Material provided>
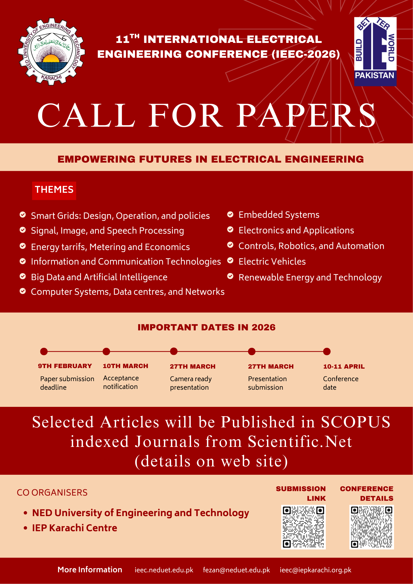 The Department of Electrical Engineering at NED University of Engineering and Technology, Karachi, in collaboration with the Institute of Engineers Pakistan (IEP), proudly presents the 11th edition of the International Electrical Engineering Conference (IEEC 2026), scheduled to be held on Friday 10th and Saturday 11th April, 2026. Since its inception in 2016, IEEC has grown into a premier platform for researchers, academicians, industry professionals, and students to exchange knowledge, present innovative research, and explore the future of electrical engineering.
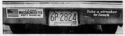 After Nixon was re-elected, he would later resign only a year and a half into his second term due to his involvement in the Watergate scandal and the illegal activities he committed. After the Watergate scandal broke and Nixon resigned due to criminal activity, bumper stickers with the words "Don't blame me! I'm from Massachusetts" (and variants) became a symbol of the sentiment felt by Massachusetts residents, serving as a proverbial "I told you so" to the 49 states that supported Nixon's re-election.[8]
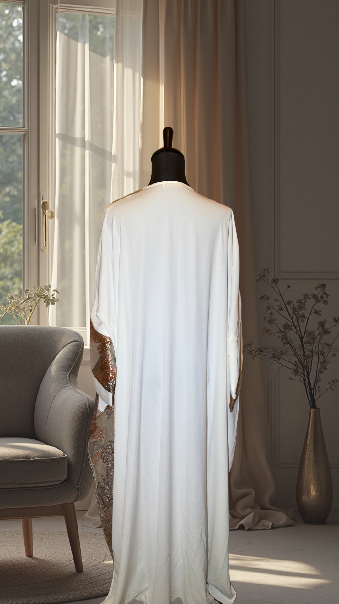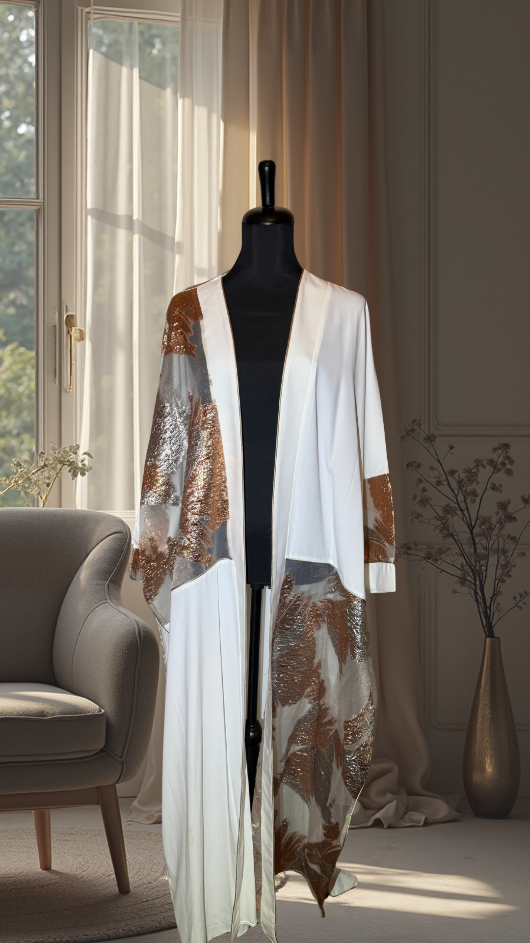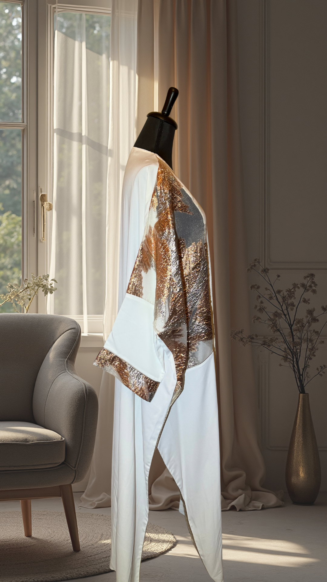 Le bisht Aylin incarne la douceur, la lumière et l’élégance. Sa base blanche pure apporte un style raffiné et intemporel, tandis que les larges panneaux métallisés cuivrés offrent des reflets chauds et précieux. Une pièce rare, sophistiquée, parfaite pour les cérémonies, mariages, soirées, et toutes les occasions où vous souhaitez briller sans en faire trop.
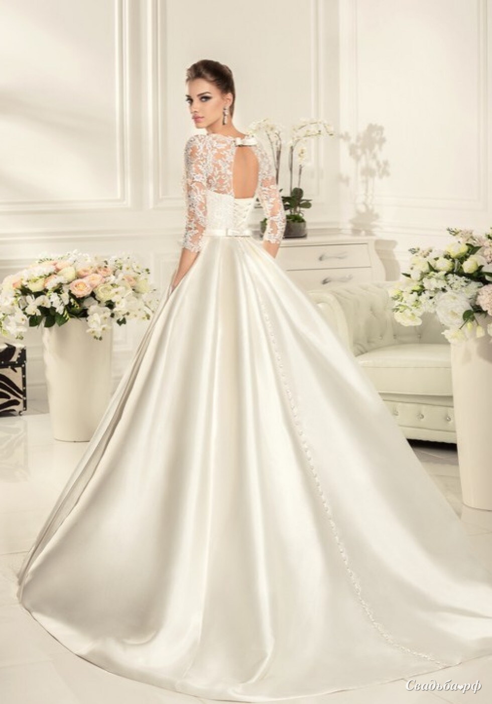 Атласное свадебное платье с кружевным корсетом и открытой спинкой. Пуговки расположены по всей длине юбки. Очень стильное свадебное платье.

Aim of the exercise>
Apart from the pictures, the whole listing should be reproduced exactly.

Answer to this problem>
 The Department of Electrical Engineering at NED University of Engineering and Technology, Karachi, in collaboration with the Institute of Engineers Pakistan (IEP), proudly presents the 11th edition of the International Electrical Engineering Conference (IEEC 2026), scheduled to be held on Friday 10th and Saturday 11th April, 2026. Since its inception in 2016, IEEC has grown into a premier platform for researchers, academicians, industry professionals, and students to exchange knowledge, present innovative research, and explore the future of electrical engineering.
 After Nixon was re-elected, he would later resign only a year and a half into his second term due to his involvement in the Watergate scandal and the illegal activities he committed. After the Watergate scandal broke and Nixon resigned due to criminal activity, bumper stickers with the words "Don't blame me! I'm from Massachusetts" (and variants) became a symbol of the sentiment felt by Massachusetts residents, serving as a proverbial "I told you so" to the 49 states that supported Nixon's re-election.[8]
 Le bisht Aylin incarne la douceur, la lumière et l’élégance. Sa base blanche pure apporte un style raffiné et intemporel, tandis que les larges panneaux métallisés cuivrés offrent des reflets chauds et précieux. Une pièce rare, sophistiquée, parfaite pour les cérémonies, mariages, soirées, et toutes les occasions où vous souhaitez briller sans en faire trop.
 Атласное свадебное платье с кружевным корсетом и открытой спинкой. Пуговки расположены по всей длине юбки. Очень стильное свадебное платье.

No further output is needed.